R's tm package for word count

monarque13 picture monarque13 · Oct 22, 2014 · Viewed 17.7k times · Source

I have a corpus with over 5000 text files. I would like to get individual word counts for each file after running pre-processing each (turning to lower, removing stopwords, etc). I haven't had any luck with the word count for the individual text files. Any help would be appreciated.

library(tm)
revs<-Corpus(DirSource("data/")) 
revs<-tm_map(revs,tolower) 
revs<-tm_map(revs,removeWords, stopwords("english")) 
revs<-tm_map(revs,removePunctuation) 
revs<-tm_map(revs,removeNumbers) 
revs<-tm_map(revs,stripWhitespace) 
dtm<-DocumentTermMatrix(revs) 

Answer

Ben picture Ben · Nov 2, 2014

As Tyler notes, your question is incomplete without a reproducible example.
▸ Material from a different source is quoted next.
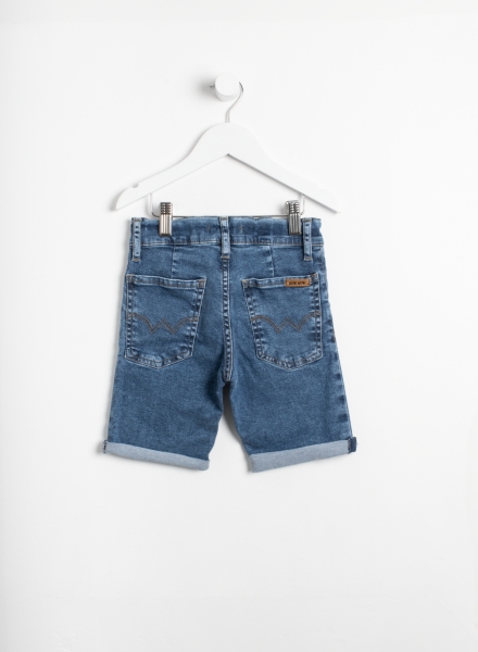Bermuda de denim con bolsillos en ruedo. Con elástico regulable en la cintura.
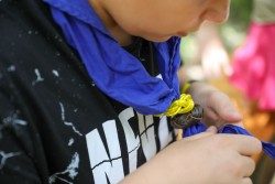 Mit voller Motivation wurde gefärbt und gebastelt. T-Shirts, große und kleine Taschen sowie Socken und sogar Unterhosen fanden in unseren Eimern neue Farbe. Mit Schnur und Gummibändern bewaffnet falteten, rollten und knüllten die Kinder ihre Stoffe. Nach einer Stunde im Farbeimer konnten die Kunststücke bereits zum Trocknen aufgehängt werden. Als Ergebnis entstanden wilde, neue und wunderschöne Muster, die die Kleidungsstücke einzigartig machen.

Here's how to make a reproducible example for this kind of question - use the data that comes built-in with the package:

library("tm") # version 0.6, you seem to be using an older version
data(crude)
revs <- tm_map(crude, content_transformer(tolower)) 
revs <- tm_map(revs, removeWords, stopwords("english")) 
revs <- tm_map(revs, removePunctuation) 
revs <- tm_map(revs, removeNumbers) 
revs <- tm_map(revs, stripWhitespace) 
dtm <- DocumentTermMatrix(revs)

And here's how to get a word count per document, each row of the dtm is one document, so you simply sum the columns for a row and you have the word count for the document:

# Word count per document
rowSums(as.matrix(dtm))